About this exercise: Print out the data exactly, keeping every image out of it.

Given data:

##############################

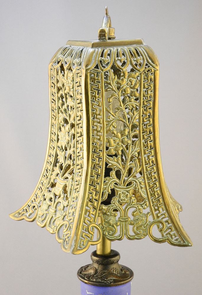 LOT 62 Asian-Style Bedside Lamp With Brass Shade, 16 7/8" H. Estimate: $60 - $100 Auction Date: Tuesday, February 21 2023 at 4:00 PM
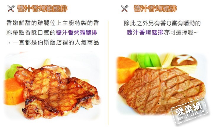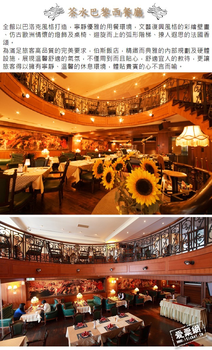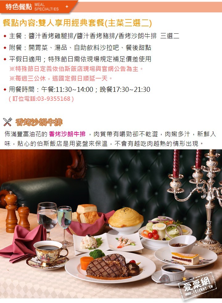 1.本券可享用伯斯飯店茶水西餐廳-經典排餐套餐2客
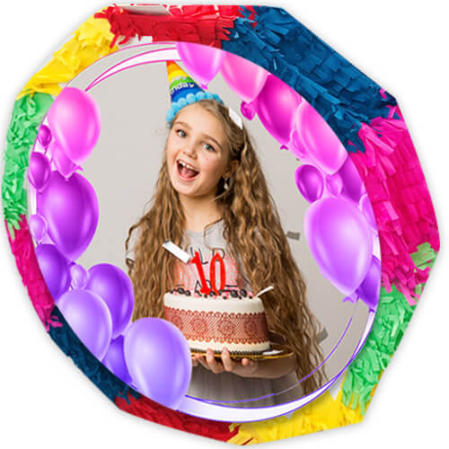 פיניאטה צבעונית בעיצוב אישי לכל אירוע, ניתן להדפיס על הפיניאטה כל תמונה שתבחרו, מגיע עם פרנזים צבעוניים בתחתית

##############################

Answer box:
 LOT 62 Asian-Style Bedside Lamp With Brass Shade, 16 7/8" H. Estimate: $60 - $100 Auction Date: Tuesday, February 21 2023 at 4:00 PM
 1.本券可享用伯斯飯店茶水西餐廳-經典排餐套餐2客
 פיניאטה צבעונית בעיצוב אישי לכל אירוע, ניתן להדפיס על הפיניאטה כל תמונה שתבחרו, מגיע עם פרנזים צבעוניים בתחתית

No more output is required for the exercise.